• About this task
Give back an exact copy of the listing that follows, without the pictures.

• Collected material

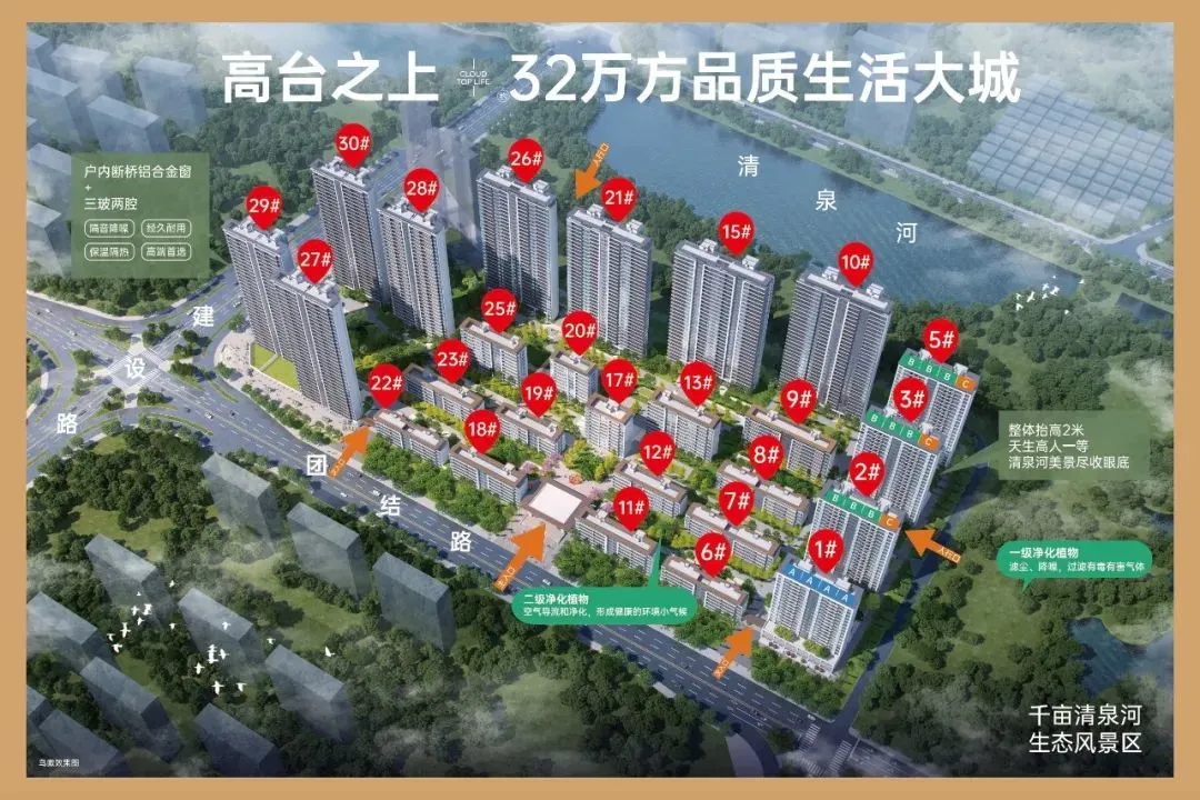 财信·云境坐揽冠县最为珍贵的自然景观资源——清泉河,拥揽千亩清泉河生态风景区,让广袤蓝天、碧波绿意成为窗前点缀,筑造一片城央水岸桃源。
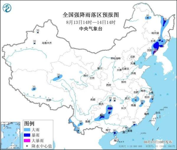 預(yù)計,13日14時至14日14時,遼寧東部、吉林東部、黑龍江中東部以及江西東北部、浙江西南部和東部沿海、湖北西南部、重慶東南部、貴州東部和南部、云南西部、廣東沿海、青海西南部、新疆沿天山等地部分地區(qū)有大到暴雨,其中,遼寧東部等地局地有大暴雨(100~150毫米)。上述部分地區(qū)伴有短時強(qiáng)降水(最大小時降雨量30~50毫米,局地可超過60毫米),局地有雷暴大風(fēng)等強(qiáng)對流天氣。
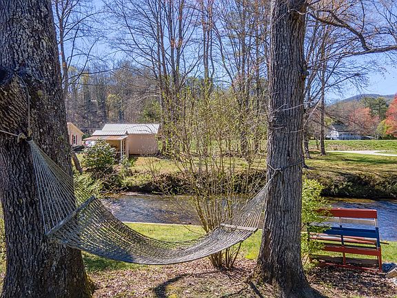 Come check out this beautiful home on Coweeta Creek!! This updated 2/2 house sits on .92 acre of flat, usable land with 180 feet of creek frontage. Outside there's lots of parking spaces with room for an RV. There is a fenced in backyard for your fur babies and big areas for gardening. Enjoy the quiet sound of nature as you watch and listen to the creek from your covered deck all while soaking in your hot-tub! The kitchen is spacious and open with plenty of counter space and cabinets and plenty of room to entertain. The living room has a rock faced fireplace with a wood-burning insert. There are two good-sized bedrooms, two baths and beautiful manufactured wood floors throughout. There is an attached one car garage and a detached carport. Restrictions have lapsed. Limited cell service. Internet available.
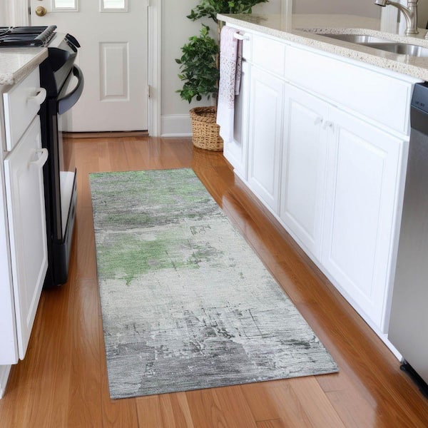 Mayfield Premium Machine Washable Abstract AMF1685 Aloe 2 ft. 3 in. x 7 ft. 6 in. Runner Rug

• Response area
 财信·云境坐揽冠县最为珍贵的自然景观资源——清泉河,拥揽千亩清泉河生态风景区,让广袤蓝天、碧波绿意成为窗前点缀,筑造一片城央水岸桃源。
 預(yù)計,13日14時至14日14時,遼寧東部、吉林東部、黑龍江中東部以及江西東北部、浙江西南部和東部沿海、湖北西南部、重慶東南部、貴州東部和南部、云南西部、廣東沿海、青海西南部、新疆沿天山等地部分地區(qū)有大到暴雨,其中,遼寧東部等地局地有大暴雨(100~150毫米)。上述部分地區(qū)伴有短時強(qiáng)降水(最大小時降雨量30~50毫米,局地可超過60毫米),局地有雷暴大風(fēng)等強(qiáng)對流天氣。
 Come check out this beautiful home on Coweeta Creek!! This updated 2/2 house sits on .92 acre of flat, usable land with 180 feet of creek frontage. Outside there's lots of parking spaces with room for an RV. There is a fenced in backyard for your fur babies and big areas for gardening. Enjoy the quiet sound of nature as you watch and listen to the creek from your covered deck all while soaking in your hot-tub! The kitchen is spacious and open with plenty of counter space and cabinets and plenty of room to entertain. The living room has a rock faced fireplace with a wood-burning insert. There are two good-sized bedrooms, two baths and beautiful manufactured wood floors throughout. There is an attached one car garage and a detached carport. Restrictions have lapsed. Limited cell service. Internet available.
 Mayfield Premium Machine Washable Abstract AMF1685 Aloe 2 ft. 3 in. x 7 ft. 6 in. Runner Rug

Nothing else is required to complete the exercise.